We can use this tool to answer the Monty Hall problem discussed earlier. If event $A$ is that the car is behind our door (door 1), and event $B$ is that the host opened door 3, we find the probabilities and substitute them in:

$P(B\mid A)$ will be $.5$ because the probability of the host opening door 3 given that the car is behind our door is $.5$ (he could have chosen either door 2 or door 3).

$P(A)=\frac{1}{3}$

$P(B)=.5$ (There are three scenarios: the car is behind our door, which gives Monty a .5 probability of picking door 3, the car is behind door 2, which gives Monty a 1 probability of picking door 3, and the car is behind door 3, which gives Monty a 0 probability of picking door 3. Thus, the total probability [$(.5 + 1 + 0) * \frac{1}{3}$] of Monty picking door 3 is .5)

So:

$P(A\mid B)=\frac{.5 \cdot \frac{1}{3}}{.5}=\frac{1}{3}$.

In other words, the probability of the car being behind our door given that Monty opened door 3 is $\frac{1}{3}$. Thus, it is in our interest to switch doors.

Bayes’ Theorem can also be stated as $Posterior=Prior \cdot Likelihood$, where each part of the statement is part of our original formula.

Common (Discrete) Probability Distributions

Next, I’d like to cover a few distributions that I was a little shaky on.
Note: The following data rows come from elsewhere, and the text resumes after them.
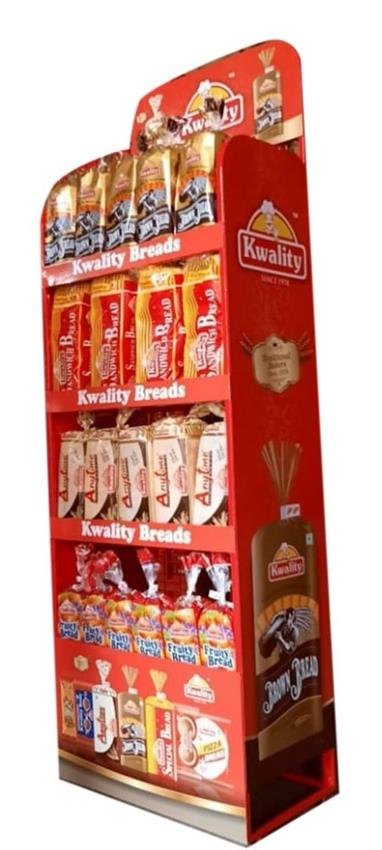 Paint-coated mild steel open storage rack for bread display. Supports 150 Kg capacity across four shelves. Minimum order quantity of 10 pieces required.
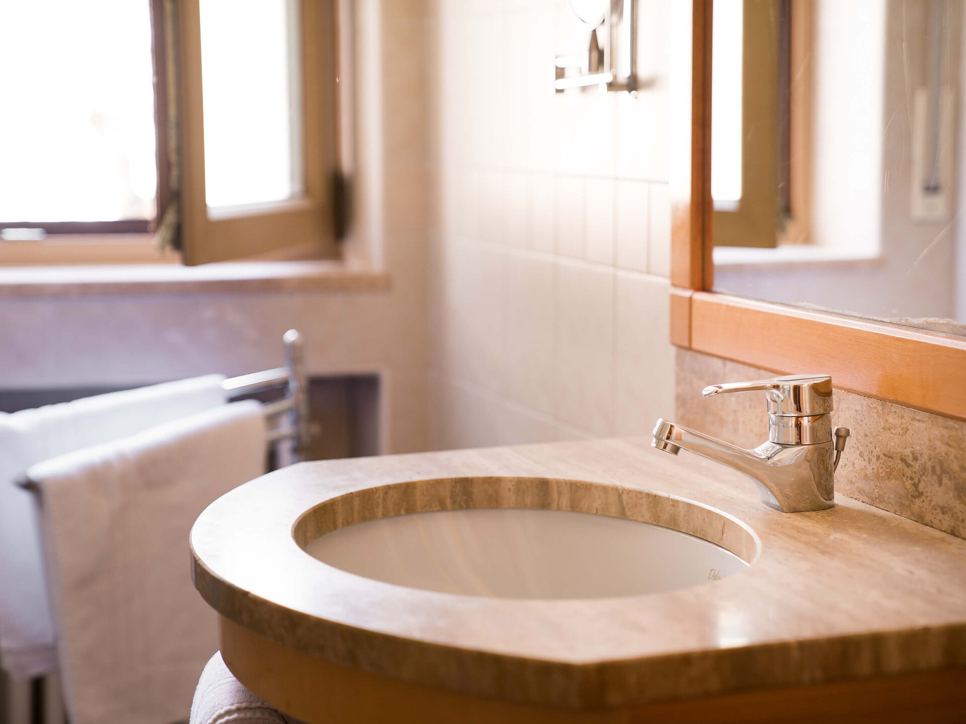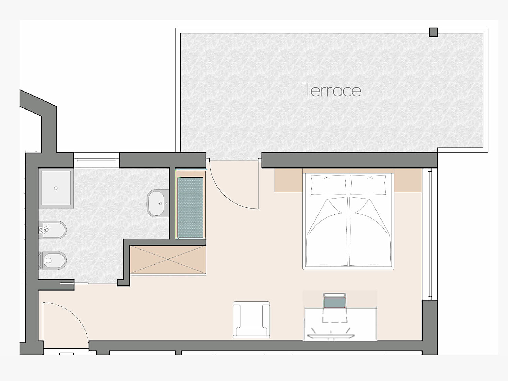 una luminosa ed elegante camera doppia superior (22 m²) al 4° piano con letto matrimoniale king-size e ampio terrazzo (15 m²) con splendida vista, bagno finestrato con doccia, wc, bidet, specchio per il trucco e asciugacapelli, TV satellitare, cassaforte per portatili, WIFI internet, telefono, frigorifero e bollitore
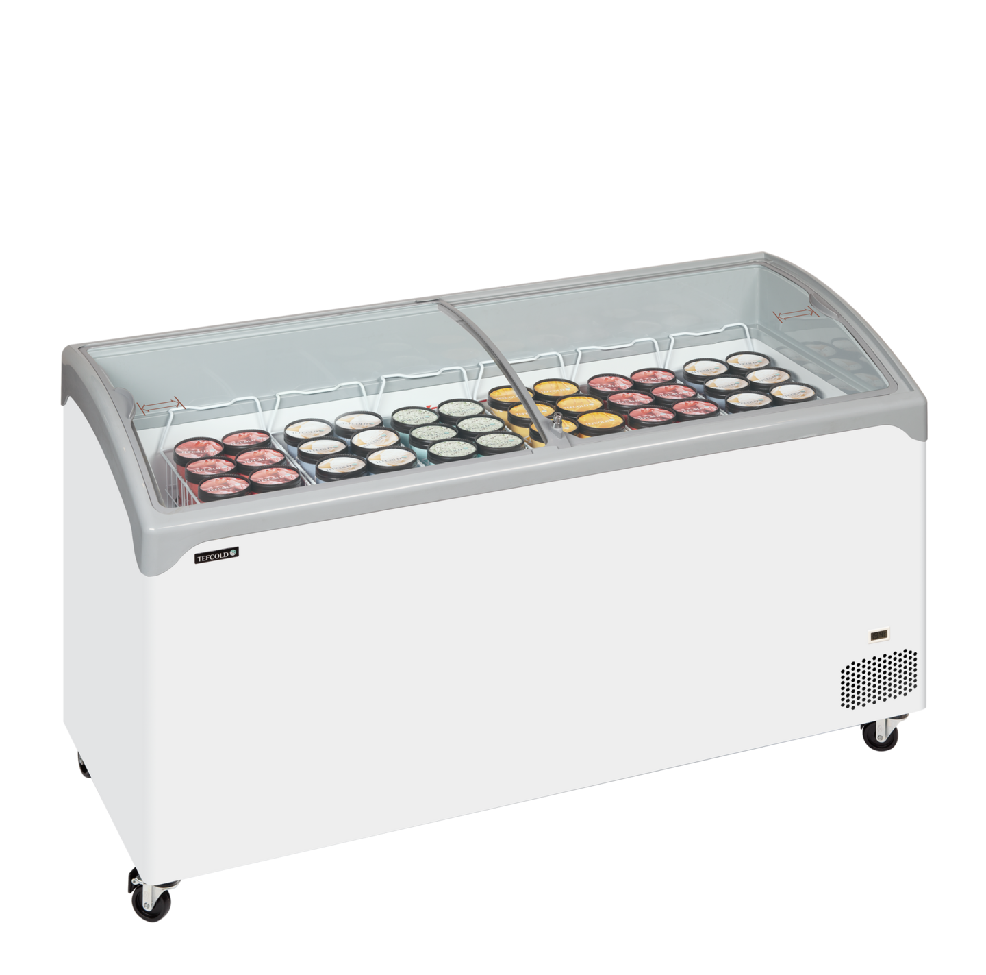 Elegante diepvrieskist met gebogen glazen schuifdeksels.

It’s easy to fixate on the normal distribution as the “big one” of important distributions, but many data-generating processes are non-normal. Also, this gave me a chance to practice my plot-making skills in R.

For discrete distributions (which all of the following distributions are), the probability mass function, or pmf, is the function which gives the probability of a random variable from the distribution being equal to a given variable. This function is written $p(a)$ where $a$ is the variable of interest. This will be important as we examine different distributions.

Bernoulli Distribution

The Bernoulli distribution is a simple one: it models one trial in an event with a binary outcome. So, for example, if we’re observationally assessing the behavior of dogs being walked in a park (and want to determine whether or not they will urinate on a fire hydrant), the behavior of one specific dog would be modeled by a Bernoulli distribution.

The Bernoulli distribution takes one parameter, $p$, which represents the underlying probability of a $1$ for the outcome. If 70% of dogs will pee on the fire hydrant, then $p=.7$. If $X$ is the variable of interest, by definition $P(X=1)=p$.

Here’s an example of a Bernoulli distribution with $p=.7$:

bernoulli

Binomial Distribution

The binomial distribution is an extension of the Bernoulli distribution. It models the probability of an event (binary, represented by a Bernoulli distribution) occurring a certain number of times in a set number of trials. It has two parameters: $n$ (the number of trials) and $p$ (the probability of a success).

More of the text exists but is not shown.